Ops Archaeology: The Job That Succeeded Wrong¶
You've just joined a team. There are no docs. The previous engineer left last month. Something is broken. Here's everything you have to work with.
Difficulty: L2 Estimated time: 25 min Domains: Kubernetes, Jobs, ConfigMaps, Database Ops
Artifact 1: CLI Output¶
$ kubectl get jobs -n analytics --sort-by=.status.startTime
NAME COMPLETIONS DURATION AGE
daily-rollup-28364800 1/1 4m12s 25h
daily-rollup-28365600 1/1 4m08s 1h
$ kubectl get pods -n analytics -l job-name=daily-rollup-28365600
NAME READY STATUS RESTARTS AGE
daily-rollup-28365600-v9g4r 0/1 Completed 0 1h
$ kubectl logs daily-rollup-28365600-v9g4r -n analytics | tail -8
2024-12-10T06:00:04Z INFO Connecting to database...
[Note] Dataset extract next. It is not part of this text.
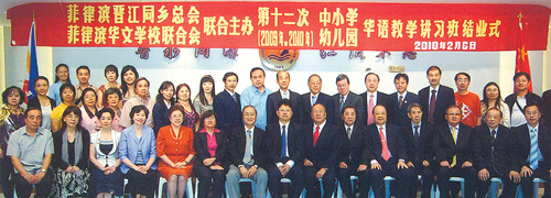 中新网2月9日电 据菲律宾《商报》报道,菲律宾晋江同乡总会联合菲律宾华校联合会于本月6日在晋总举办“第12次中小学、幼儿园华语教学讲习班”结业式,晋总理事长、名誉理事长、副理事长、理事等,连同校联诸位常务理事,正副秘书长及理事们,与华语教学督导们莅临出席。

2024-12-10T06:00:04Z INFO Connected to PostgreSQL 15.4 at analytics-db:5432/warehouse
2024-12-10T06:00:04Z INFO Starting daily rollup for 2024-12-09
2024-12-10T06:00:05Z INFO Processing table: order_summaries
2024-12-10T06:00:38Z INFO Rolled up 14,293 records into 847 summary rows
2024-12-10T06:02:11Z INFO Processing table: revenue_by_region
2024-12-10T06:02:44Z INFO Rolled up 14,293 records into 12 region summaries
2024-12-10T06:04:08Z INFO Daily rollup complete. Duration: 4m04s. Status: SUCCESS
Artifact 2: Metrics¶
# Dashboard: "Analytics Pipeline Health"
# Daily revenue total (from rollup output) — last 7 days
analytics_daily_revenue_usd{date="2024-12-03"} 2847291
analytics_daily_revenue_usd{date="2024-12-04"} 2913847
analytics_daily_revenue_usd{date="2024-12-05"} 2791003
analytics_daily_revenue_usd{date="2024-12-06"} 3104582
analytics_daily_revenue_usd{date="2024-12-07"} 3247109
analytics_daily_revenue_usd{date="2024-12-08"} 287412
analytics_daily_revenue_usd{date="2024-12-09"} 291034
# Record counts processed
analytics_rollup_input_records{date="2024-12-08"} 14293
analytics_rollup_input_records{date="2024-12-09"} 14293
analytics_rollup_input_records{date="2024-12-07"} 142918
Artifact 3: Infrastructure Code¶
# From: k8s/configmaps/analytics-config.yaml
apiVersion: v1
kind: ConfigMap
metadata:
name: analytics-config
namespace: analytics
data:
DB_HOST: "analytics-db"
DB_PORT: "5432"
DB_NAME: "warehouse"
DB_USER: "rollup_svc"
---
# From: k8s/configmaps/analytics-config-staging.yaml
apiVersion: v1
kind: ConfigMap
metadata:
name: analytics-config
namespace: analytics
data:
DB_HOST: "analytics-db"
DB_PORT: "5432"
DB_NAME: "warehouse_staging"
DB_USER: "rollup_svc"
Artifact 4: Log Lines¶
[2024-12-10T06:00:04Z] rollup-job | INFO Connected to PostgreSQL 15.4 at analytics-db:5432/warehouse
[2024-12-08T05:59:58Z] k8s-deploy | ConfigMap analytics-config replaced in namespace analytics
[2024-12-10T06:04:08Z] rollup-job | INFO Daily rollup complete. Duration: 4m04s. Status: SUCCESS
Your Mission¶
- Reconstruct: What does this system do? What are its components and purpose?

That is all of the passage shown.